Little had I let myself realize how treasured it actually was...sturdy yes, but special?
Around the time my second gaze took me over, I started remembering the moment this bag was given to me. It was the summer after 7th grade. My 13 year old under developed, awkward self had been invited on a family vacation with my neighborhood best friend. I mention under developed only because her family had nicknamed me Zipper, since they said when I stood sideways and stuck out my tongue I looked just like a zipper. Probably inappropriate humor toward a middle school guest, but it was funny. And for a girl with a broken, inattentive home, it felt like love.
Their family had planned a two week camping trip from where we lived in Kansas, making stops through Missouri and Arkansas. It was probably the last time I'd be spending time with this family, since most of our home was already packed up, preparing for a move soon after my return.
At the time, my mother lived in Nebraska, where myself and 3 siblings used to live before the divorce a year and half prior. There was about to be a custody battle, and it didn't look good for my Dad who had moved all four of us kids out of State; leaving him little choice but to return. It had been hard for all of us living 8 hours away from our mother, but can only speak for myself when I say those years had also made my heart very very hard. If not for my friend's family accepting me practically as their own, I would have been far more lost than I already was. I didn't know the Lord, neither did my friend or her family, but they must have known more about my situation than I ever let on.
I can't recall how well I knew to pack for this trip, but as I was saying my goodbyes to my Dad, loading my items into the camper, my friend handed me this fun little mesh bag filled with goodies and the mini toiletries. I would need these items for the campground shower houses I had no understanding to prepare for.

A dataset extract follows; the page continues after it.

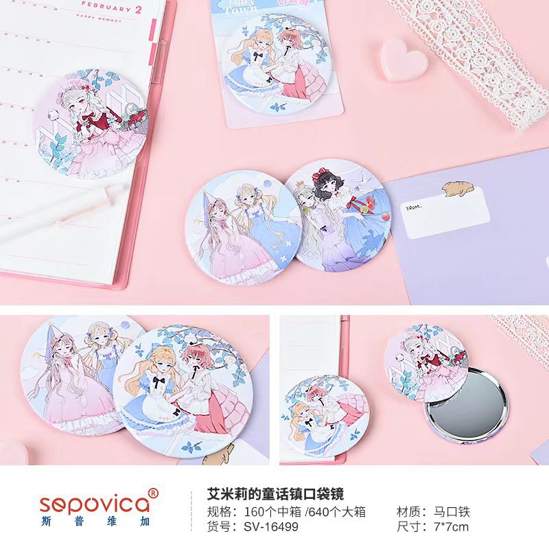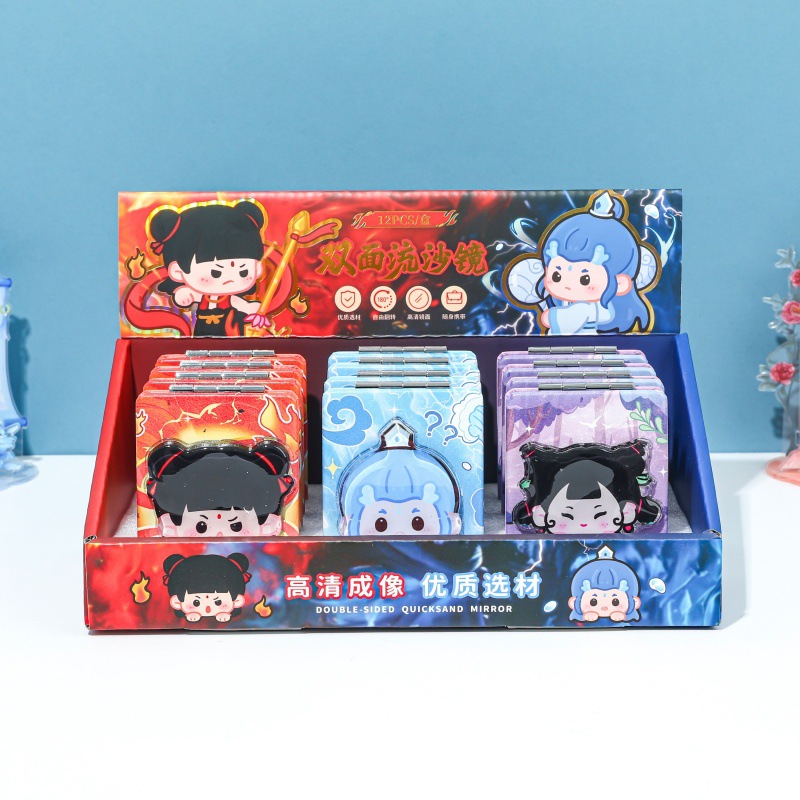 かわいいアニメ円形両面流砂鏡PU折り畳み化粧鏡学生ミニ携帯化粧鏡卸売り
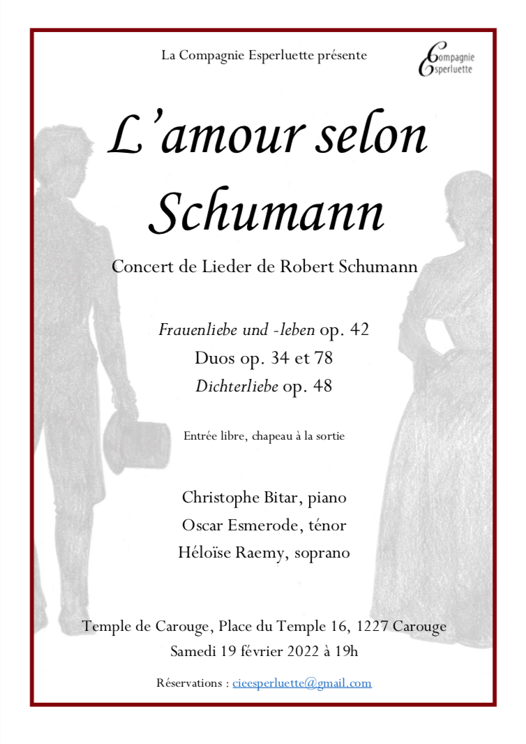 En février 2022, la Compagnie Esperluette met à l'honneur un trio de jeunes artistes. La soprano Héloïse Raemy, le ténor Oscar Esmerode et le pianiste Christophe Bitar régalent un public nombreux avec un programme musical romantique, entièrement dédié à Robert Schumann : on peut y entendre des cycles de lieder comme Dichterliebe ou Frauenliebe und -leben, ainsi que de nombreux duos évoquant l'amour.

The very thought that her mom had shopped for me, just like she did the rest of her children, somehow came flooding over me while I stood there in my kitchen, remembering how loved I felt in that smidgen of a moment.
In an instant I saw God all over me in those days, making sure I was protected, loved and well thought of, through a family who just invited me along...or should I say, bravely invited me along.
I ended up having a severe asthma attack on that trip, nearly ending my earthly life. I had lost consciousness and can't remember much of the details surrounding this traumatizing event; but can tell you for certain, this family will NEVER ever forget ME!
As much as I've tried not to recall much of what went on during those years, astonishingly God still thinks of me too.
So much so, He reached out to heal me, in the middle of banana bread, all these years later; reminding me of His pure goodness and hand on me all throughout my life, even while I didn't know Him.
Maybe you're getting stirred in your heart reading this, being reminded of a time in your own story where you felt unseen or that your needs had gone unmet...maybe it's something so long ago that it wouldn't seem to matter now. You've made peace with it and moved on. It is what it is.
But what if God has a different truth for you?
Will you let Him have his way with that space to restore you...even if it's just one little piece?
How beautiful the unforced ways Christ uses to restore us, one smidgen at a time, freeing up our junk drawer for His original purpose.
Deuteronomy 30:
3 God, your God, will restore everything you lost; he'll have compassion on you; he'll come back and pick up the pieces from all the places where you were scattered. 4 No matter how far away you end up, God, your God, will get you out 6 God, your God, will cut away the thick calluses on your heart and your children's hearts, freeing you to love God, your God, with your whole heart and soul and live, really live.